JIRA: https://issues.apache.org/jira/browse/SPARK-8708 Previously the partitions of ratings are only based on the given products. So if the `usersProducts` given for prediction contains only few products or even one product, the generated ratings will be pushed into few or single partition and can't use high parallelism. The following codes are the example reported in the JIRA. Because it asks the predictions for users on product 2. There is only one partition in the result. >>> r1 = (1, 1, 1.0) >>> r2 = (1, 2, 2.0) >>> r3 = (2, 1, 2.0) >>> r4 = (2, 2, 2.0) >>> r5 = (3, 1, 1.0) >>> ratings = sc.parallelize([r1, r2, r3, r4, r5], 5) >>> users = ratings.map(itemgetter(0)).distinct() >>> model = ALS.trainImplicit(ratings, 1, seed=10) >>> predictions_for_2 = model.predictAll(users.map(lambda u: (u, 2))) >>> predictions_for_2.glom().map(len).collect() [0, 0, 3, 0, 0] This PR uses user and product instead of only product to partition the ratings. Author: Liang-Chi Hsieh <viirya@gmail.com> Author: Liang-Chi Hsieh <viirya@appier.com> Closes #7121 from viirya/mfm_fix_partition and squashes the following commits: 779946d [Liang-Chi Hsieh] Calculate approximate numbers of users and products in one pass. 4336dc2 [Liang-Chi Hsieh] Merge remote-tracking branch 'upstream/master' into mfm_fix_partition 83e56c1 [Liang-Chi Hsieh] Instead of additional join, use the numbers of users and products to decide how to perform join. b534dc8 [Liang-Chi Hsieh] Paritition ratings based on both users and products.

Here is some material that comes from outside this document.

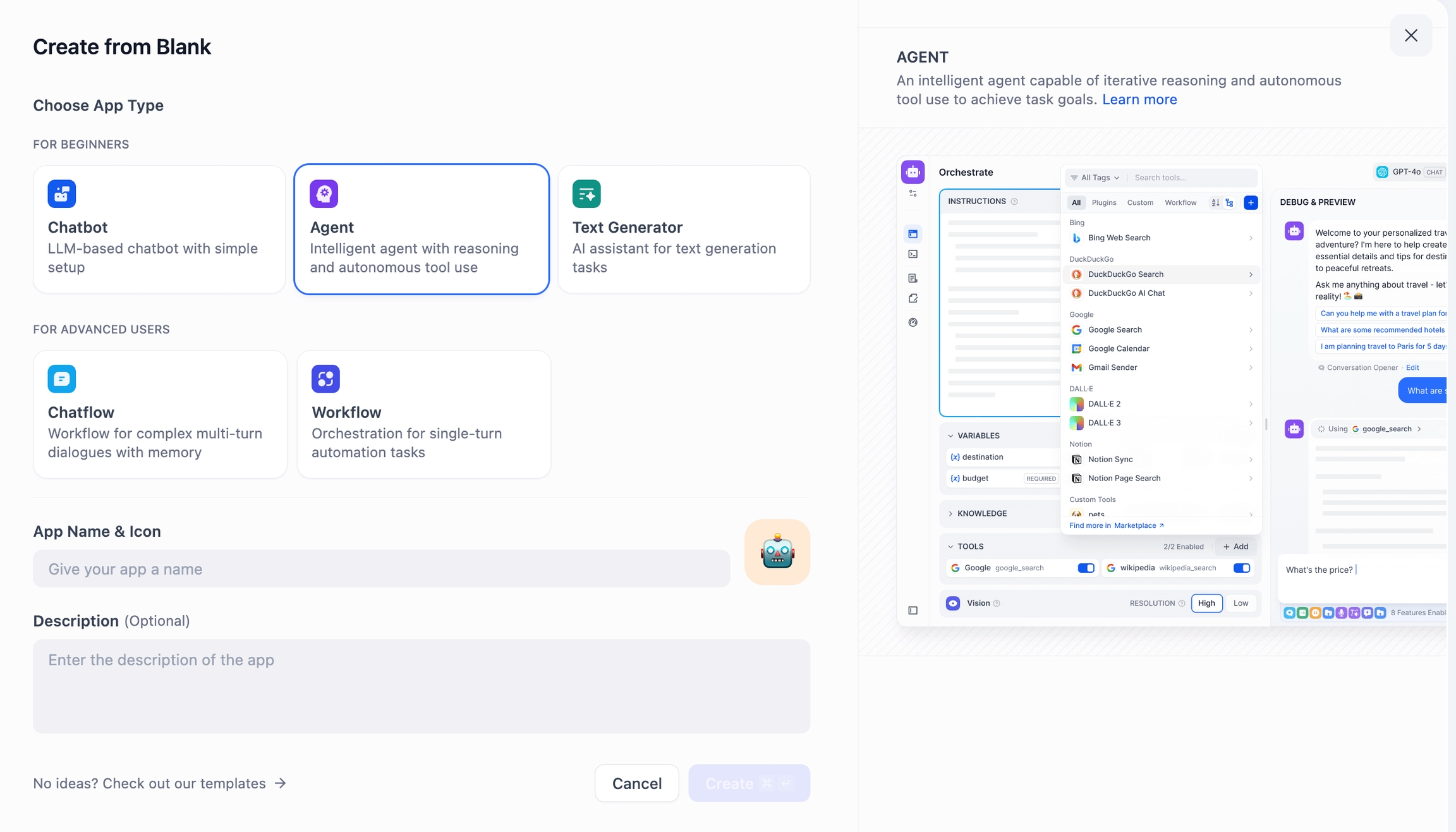 从导航选择 「工作室」,在应用列表内选择 「从空白创建」 并选择 Agent 应用类型,填写应用名称后完成创建。

author: Liang-Chi Hsieh <viirya@gmail.com> 2015-07-02 10:18:23 -0700
committer: Xiangrui Meng <meng@databricks.com> 2015-07-02 10:18:23 -0700
commit: 0e553a3e9360a736920e2214d634373fef0dbcf7 (patch)
tree: 317ac5efd679292c4aaadb91b06b03c3e122f229 /mllib
parent: 52302a803967114b29a8bf6b74459477364c5b88 (diff)
download: spark-0e553a3e9360a736920e2214d634373fef0dbcf7.tar.gz
spark-0e553a3e9360a736920e2214d634373fef0dbcf7.tar.bz2
spark-0e553a3e9360a736920e2214d634373fef0dbcf7.zip
1 files changed, 49 insertions, 6 deletions
diff --git a/mllib/src/main/scala/org/apache/spark/mllib/recommendation/MatrixFactorizationModel.scala b/mllib/src/main/scala/org/apache/spark/mllib/recommendation/MatrixFactorizationModel.scala
index 93aa41e499..43d219a49c 100644
--- a/mllib/src/main/scala/org/apache/spark/mllib/recommendation/MatrixFactorizationModel.scala
+++ b/mllib/src/main/scala/org/apache/spark/mllib/recommendation/MatrixFactorizationModel.scala
@@ -22,6 +22,7 @@ import java.lang.{Integer => JavaInteger}
 
 import scala.collection.mutable
 
+import com.clearspring.analytics.stream.cardinality.HyperLogLogPlus
 import com.github.fommil.netlib.BLAS.{getInstance => blas}
 import org.apache.hadoop.fs.Path
 import org.json4s._
@@ -80,6 +81,30 @@ class MatrixFactorizationModel(
   }
 
   /**
+   * Return approximate numbers of users and products in the given usersProducts tuples.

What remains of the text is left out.